Statistics compiled by the Committee of e-banking Industry Heads (CeBIH), showed that inter-bank cash withdrawals rose from 33.4 million with a value of N91 billion in January 2013 to 66.8 million transactions with a value of N168 billion in December 2013.
Given the figures, customers using the ATMs of other banks may cough out N1 billion every three months.
In the past eight months, banks have acquired about 3,000 ATMs worth over $58 million.
However, James Agada, the Chief Technology Officer of Computer Warehouse Group, which sells and deploys Wincor Nixdorf brand of ATM, argued that the Central Bank of Nigeria (CBN) should not have fixed inter-bank ATM withdrawal fee since it does not help to offset the cost of running the machines.
He blamed inconsistency and interference by the CBN as the reasons why third party investors are shying away from rolling out ATMs in Nigeria, unlike the case in Europe and America.

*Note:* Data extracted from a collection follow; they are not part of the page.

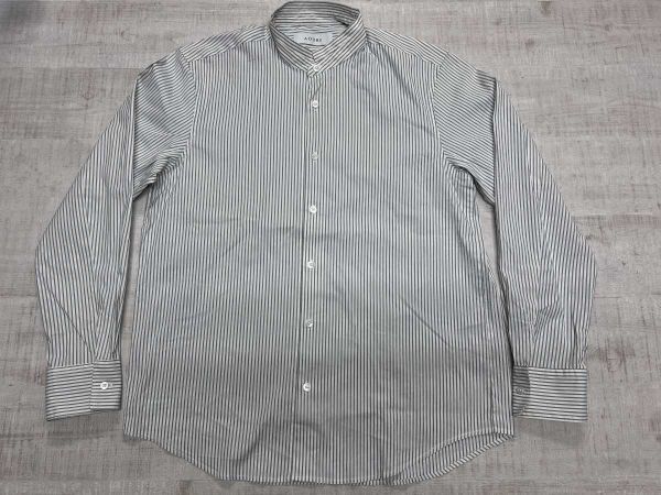 アウール AOURE キレイめ トラッド ストライプ バンドカラー スタンドカラー 長袖シャツ メンズ コットン混合 M ライトグレーです。
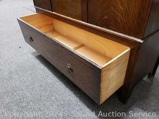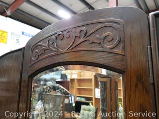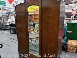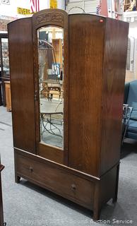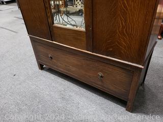 Lot #0002: Antique Quarter Sawn Oak Mirrored Single Drawer Armoire
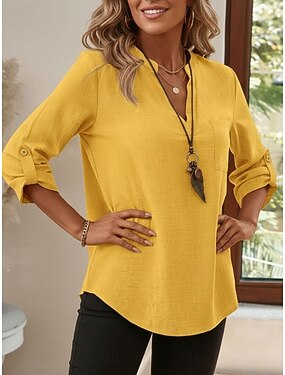 Жен. Рубашки из хлопка и льна Летние вершины Блуза Нарядные Топы Рюши Пэчворк Карман Сплошной цвет Полотняное плетение Элегантный стиль Винтаж Дамы Рукав 3/4 Рубашечный воротник Обычные топы
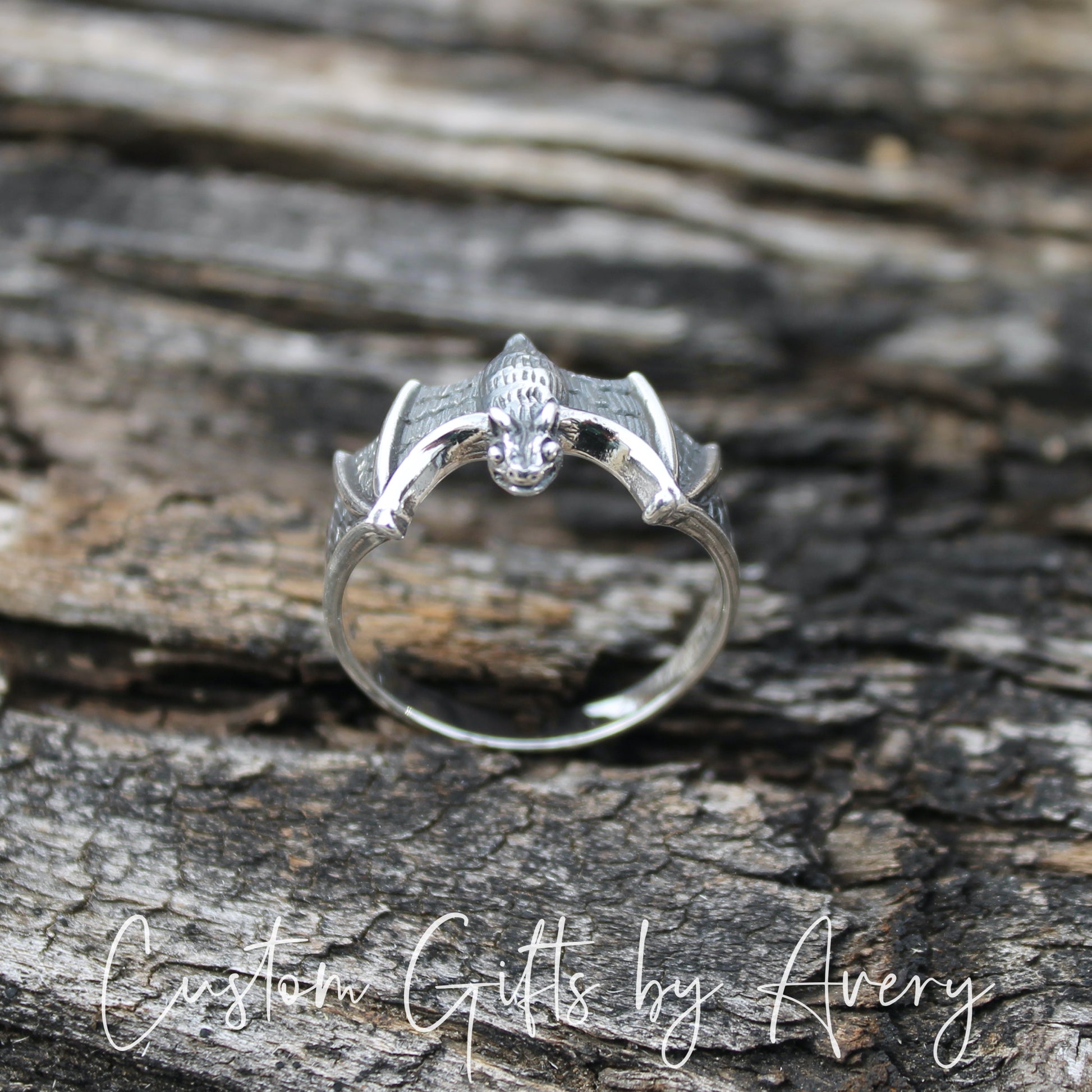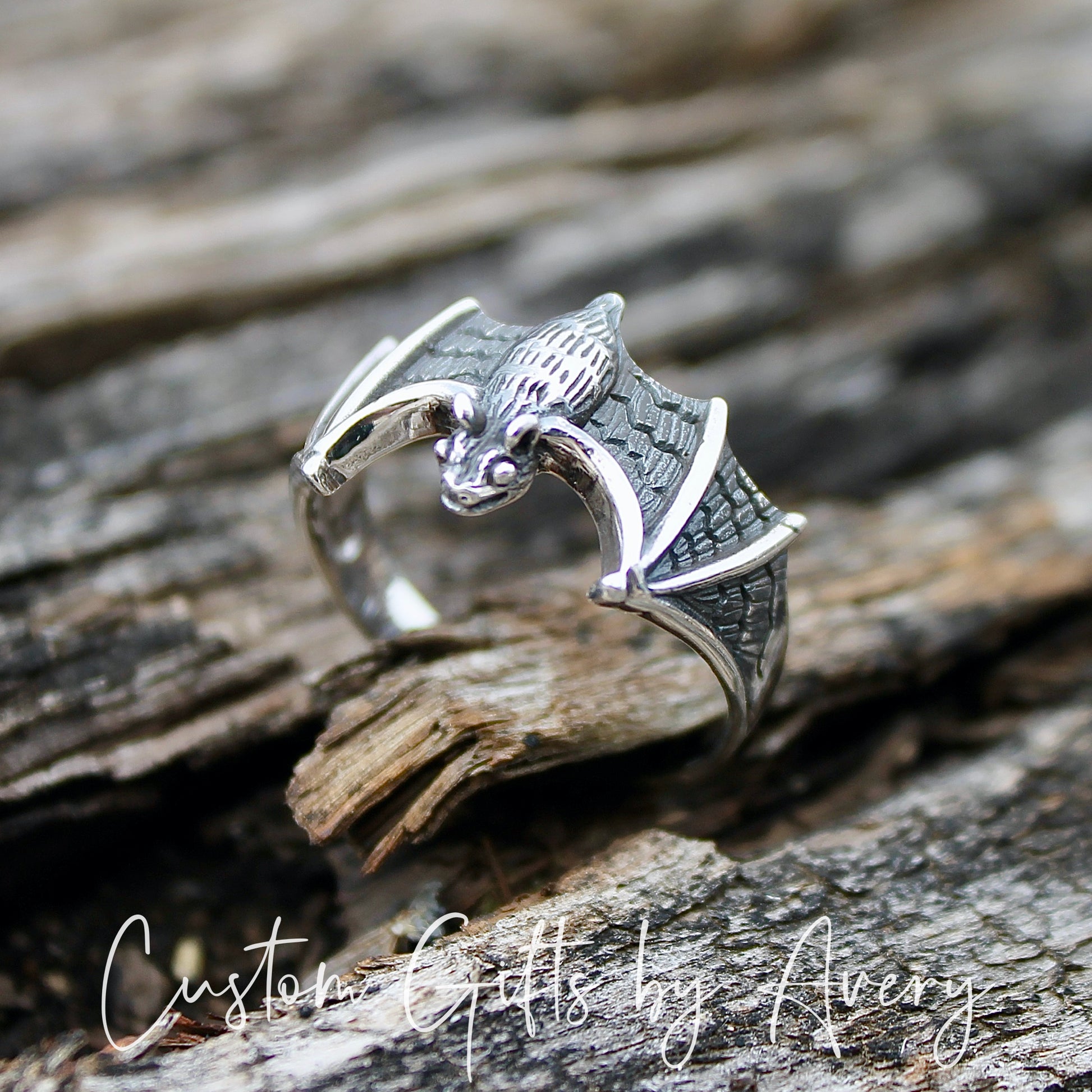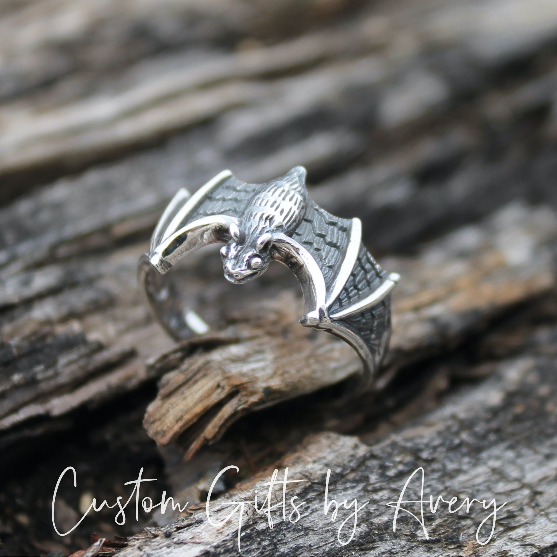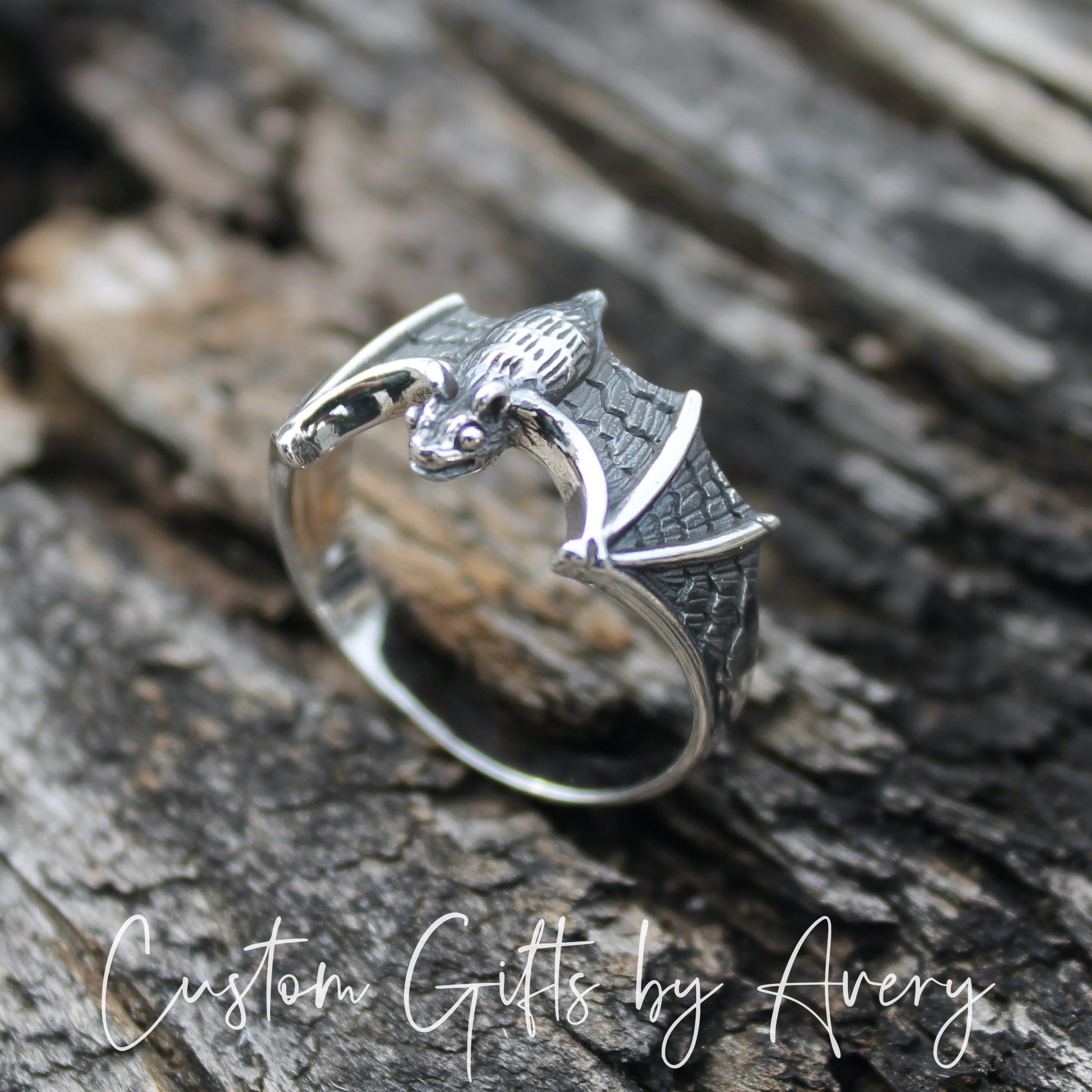 Crafted from nickel-free sterling silver, this bat ring features wrap around wings and a three-dimensional design. This silver bas been oxidized to highlight the detailing on this ring.

CeBIH Chairman, Tunde Kuponiyi, countered that the re-introduction of ATM fee is meant to distribute cost between banks and customers, and to discourage uncontrolled use of cash cards on other banks’ ATMs.
Kuponiyi disclosed that some customers engaged in as many as 160 transactions in a month.
“The re-introduced fee of N65 is to ensure that bank customers take up the responsibility for the cost associated with transactions carried out on other banks ATMs.
“It is worthy of note that in reintroducing the charges, three free remote-on-us transactions are allowed per customers per month. This means that banks still bear a cost of N195 per customer per bank,” he explained.
The Executive Secretary/Chief Executive officer of E-Payment Providers Association of Nigeria (E-PPAN), Onajite Regha, noted that ATM management is cost intensive right from purchase to maintenance, so the idea of making it cost free to the consumer was great but unsustainable in the long term.
“The zero payment by consumers did not mean ‘no payments’ for the payment stakeholders. It only meant that the issuer of the card would carry the cost for the holder.
“This could eventually discourage further investments on ATMs and then the consumers will suffer on the long run,” he added.